Updated: Feb 14, 2020

By Katie Compagnone

Although our water polo, swim, and dive teams are extremely impressive, finding a location to practice has proved to be a struggle. Swim is required to fit its 50-person team into just 5 lanes at the Peninsula YMCA. Girls water polo is forced to practice all the way out at Mesa College due to the lack of pools in the Point Loma area. Boys water polo has to go all the way out to Memorial Pool in Barrio Logan just to practice. And on top of it all, dive doesn’t even get to practice at the Peninsula YMCA with swim because there aren’t any diving boards, even though both sports take place during the spring season. While almost every other PL sport has the opportunity to practice at the school or in the immediate neighborhood, our aquatic teams are obligated to travel for every meet, game, and practice. 

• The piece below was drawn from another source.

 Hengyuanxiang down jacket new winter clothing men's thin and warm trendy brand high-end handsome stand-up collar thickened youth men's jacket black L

There’s discussion of putting a community pool owned by the city of San Diego in Liberty Station, and local Mary Kay Faryan has been a strong activist for an aquatic facility for PLHS. Over the past 15 years, there has been a strong debate on whether or not to install a pool for the use of the Point Loma community and PLHS aquatic teams. 

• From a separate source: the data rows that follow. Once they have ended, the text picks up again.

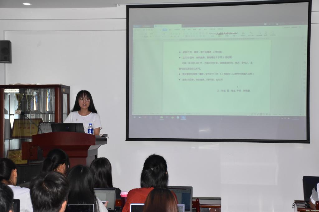 本次培训会由学生会副主席张思雨主持召开,她指出本次培训会旨在提高团学干部对通讯稿的重视度,加强干部使用办公软件的熟练度,为今后的工作打下扎实基础。其次,学生会副主席车枭向团学干部展示World文档处理的各项功能,并对World一些常用功能的操作进行详细的讲解,还一一解答了干部们提出的相关问题,让每一位团学干部都熟悉掌握Word办公时的具体功能和操作。最后,学生会副主席张思雨对通讯稿的写作格式做出具体要求,包括字体、字号、排版等,并结合不同类型的通讯稿范文分层次地、细致入微地介绍了通讯稿的写作要求、注意事项及常见错误。并强调学生工作虽然繁重,但学生干部们应始终将“全心全意为学生服务”的宗旨牢记于心,尽职尽责,为小黄书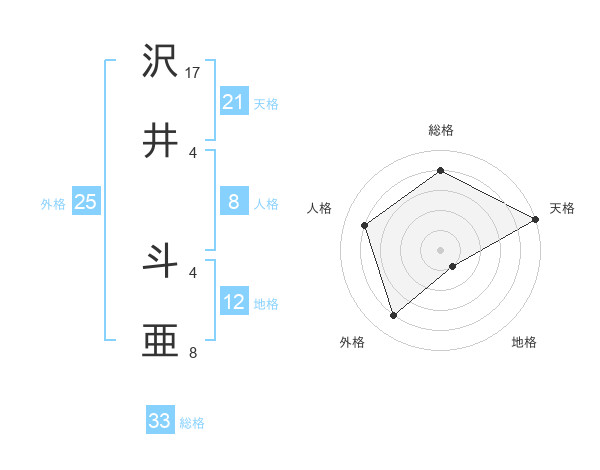 沢井 斗亜さんの天格は21画の5点!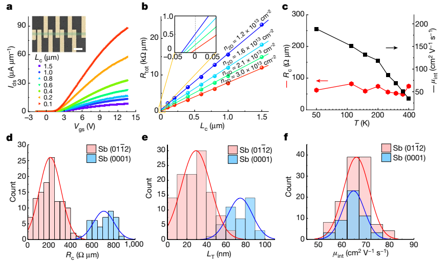 (a) Lc范围为0.1 μm ~ 1.5 μm, Vds = 0.1 V的典型TLM结构的传输曲线。(b) 采用TLM法从a中器件中提取的Rc。(c) Rc(红色方块)和固有迁移率(黑色菱形)与温度的关系。(d – f) Sb(0112)和Sb(0001)触点的Rc (d)、LT (e)和μint (f)分布。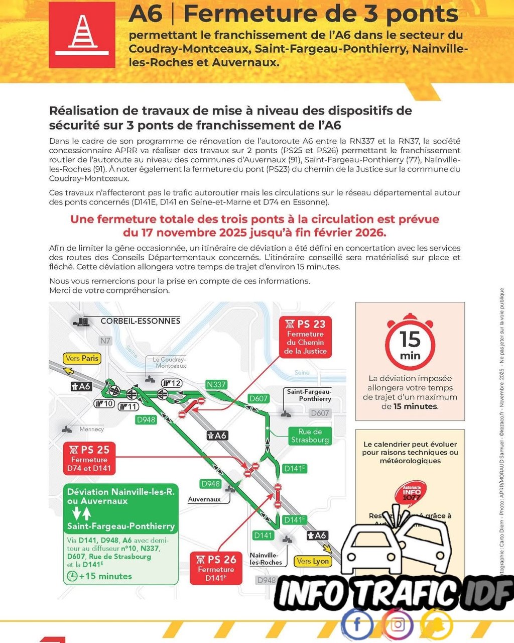 đ§INFO TRAVAUX A6đ§ SECTEUR 91/77
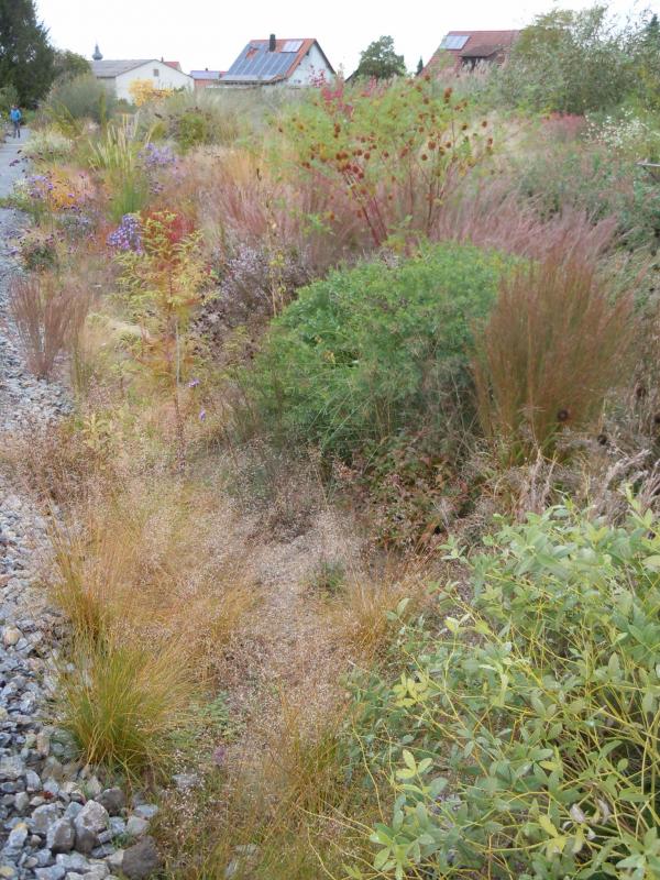 Gut gefallen hat mir auch im hinteren Bereich der Anlage eine Art Wassergraben (mit grobem Splitt ausgelegt) der den Weg von den aufgeschütteten Beeten trennt. Dazwischen immer wieder beeindruckende Exemplare von Glycyrrhiza yunnanensis , dem chinesischen Süßholz (Halbstrauch mit den rotbraunen Samenbällchen).

According to Faryan, “It’s been a long, long winding road." The resources are already there- the property is bookmarked for an aquatic facility, there is an abundance of funding, and a strong committee full of voluntary locals, but it purely comes down to political will.

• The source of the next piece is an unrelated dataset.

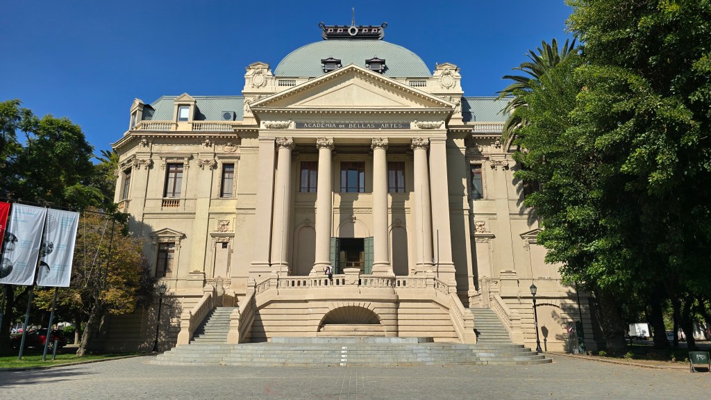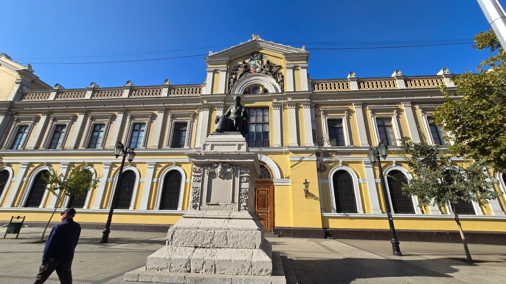 Nous sommes passés devant l’élégant Palacio Bruna, un édifice qui attire l’attention par son architecture néo-Renaissance et son histoire liée aux grandes familles chiliennes du début du XXᵉ siècle. Construit entre 1916 et 1921 pour Augusto Bruna, un riche homme d’affaires, le palais reflète le faste de l’époque et l’influence européenne sur l’élite locale.

“I’m a community advocate, someone with some skills that can contribute, but I don't have control,” she said when asked about her thoughts on the possible instillation. “We have been to Olympic sized pools because we travel around the whole county to them because we don't have anything and there are high performing athletes making CIF who deserve to train in our [Point Loma community] own backyard.” Because the pool wouldn’t be strictly used for PLHS purposes, a schedule would be enforced, allowing all members of the community to use it.  

As a member of the PLHS swim team, I know the challenges of not having a pool strictly dedicated to practicing teams. By having 50 people squeezed into just a few lanes, it strips us of the opportunity to become faster and practice correctly. Because we are also required to travel for all of our meets and games, the students who partake in swimming, water polo, and dive are sometimes forced to leave their classes at the end of the day early, depriving them of necessary instructional time. With the addition of a pool closer to the school, it would not only allow the aquatic teams to stay for the entirety of the school day but also allow the practices to become more efficient, leading to an overall stronger team.